L'accord du 25 janvier dernier sur la promotion professionnelle et l'amélioration des carrières est fondé sur deux principes qui me semblent valables pour l'ensemble de la fonction publique : d'une part, redonner de l'ampleur aux perspectives de carrière des agents, de haut en bas de la grille des rémunérations, en supprimant les obstacles injustifiés à la promotion professionnelle et à la mobilité ; d'autre part, favoriser la formation et la prise en compte de l'expérience dans la gestion des ressources humaines de la fonction publique.

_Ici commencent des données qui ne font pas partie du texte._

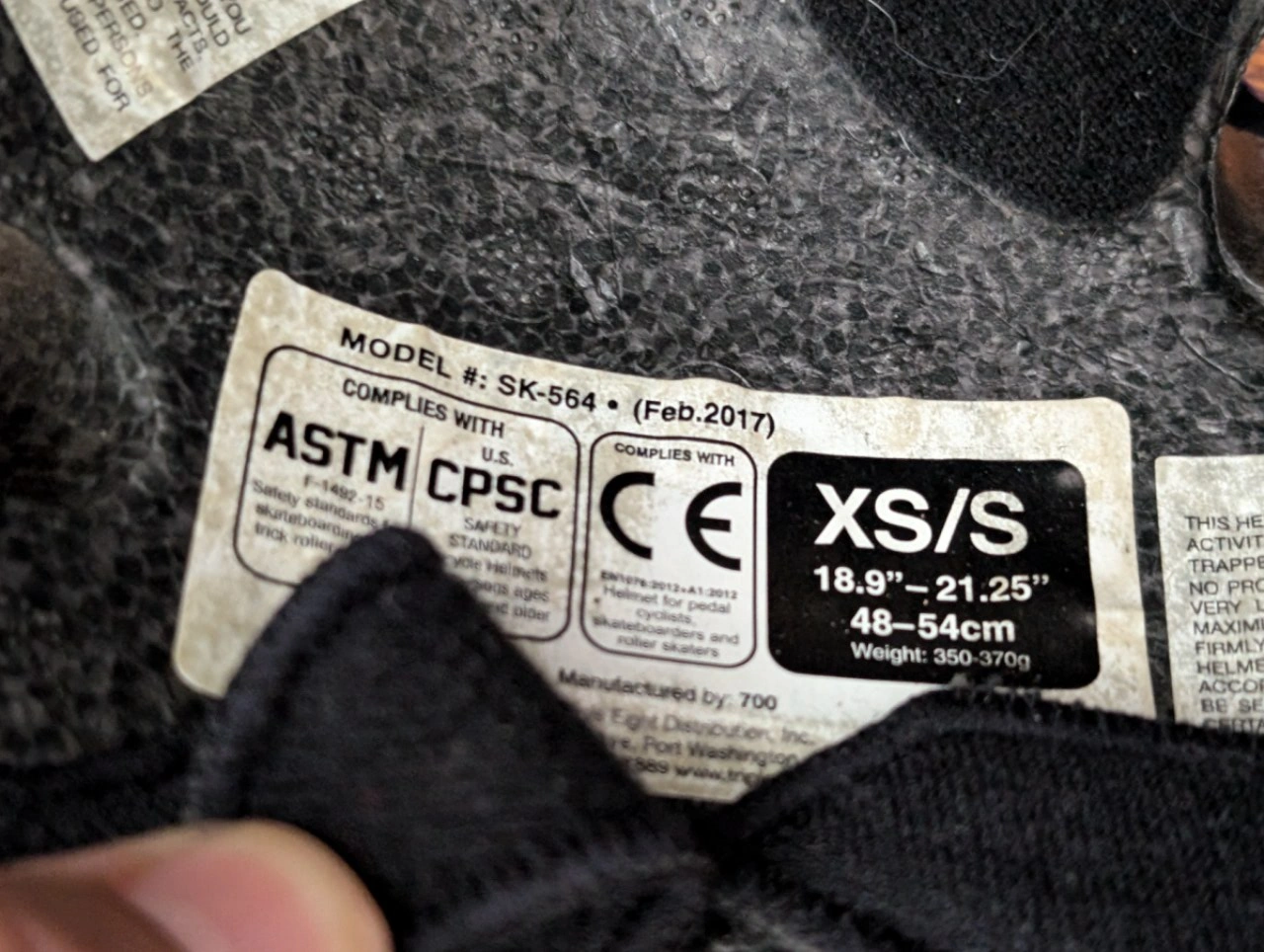 Purple Triple Eight skateboard helmet. It has an adjustable strap and is labelled as size XS/S. It has a sticker on the side that reads "Model # SK-564". It has multiple small scratches and marks on the outside. The size of the helmet is for a head circumference of 18.9-21.25 inches or 48-54 cm.

En matière de promotion professionnelle et de mobilité, l'accord du 25 janvier prévoit, pour les trois fonctions publiques, une restructuration complète de la catégorie C afin de diminuer les obstacles à la promotion et de restaurer l'amplitude des carrières. Cela se traduira par la revalorisation du sommet de la catégorie C et la création d'un échelon supplémentaire dans les trois premiers grades. L'accord prévoit en outre un quasi-doublement des possibilités de promotion de la catégorie C vers la catégorie B et de la catégorie B vers la catégorie A, ainsi que la création d'emplois fonctionnels pour améliorer les parcours de la catégorie A.

Pour la fonction publique territoriale plus spécifiquement, deux mesures vont dans le même sens. Le projet de loi qui vous est soumis prévoit la révision des seuils pour la création d'emplois fonctionnels, ainsi que la révision des seuils d'emplois de grade, qui fera l'objet de plusieurs textes d'ordre réglementaire. À cela va s'ajouter la suppression des quotas d'avancement de grades et leur remplacement par des ratios promus-promouvables fixés par chaque collectivité, ce qui devrait permettre de fluidifier davantage encore les carrières dans la fonction publique territoriale et de donner aux employeurs locaux plus de marge de manoeuvre pour distinguer les agents les plus méritants.

Afin de faciliter la mobilité, je souhaite d'abord mettre l'accent sur les fusions de corps au sein de la fonction publique de l'État, pour harmoniser les cadres statutaires et faciliter les passerelles entre les fonctions publiques. Une centaine de corps devraient être fusionnés dès 2006.

Il faut veiller tout particulièrement à la mobilité entre les fonctions publiques. En effet il est trop souvent plus aisé d'aller de la fonction publique de l'État vers la fonction publique territoriale que de faire le parcours inverse. Il est indispensable de parvenir à une stricte égalité des possibilités ouvertes aux fonctionnaires d'État et aux fonctionnaires territoriaux, et d'offrir aux agents des parcours professionnels plus attractifs et aux employeurs locaux la possibilité de trouver les profils les plus adaptés.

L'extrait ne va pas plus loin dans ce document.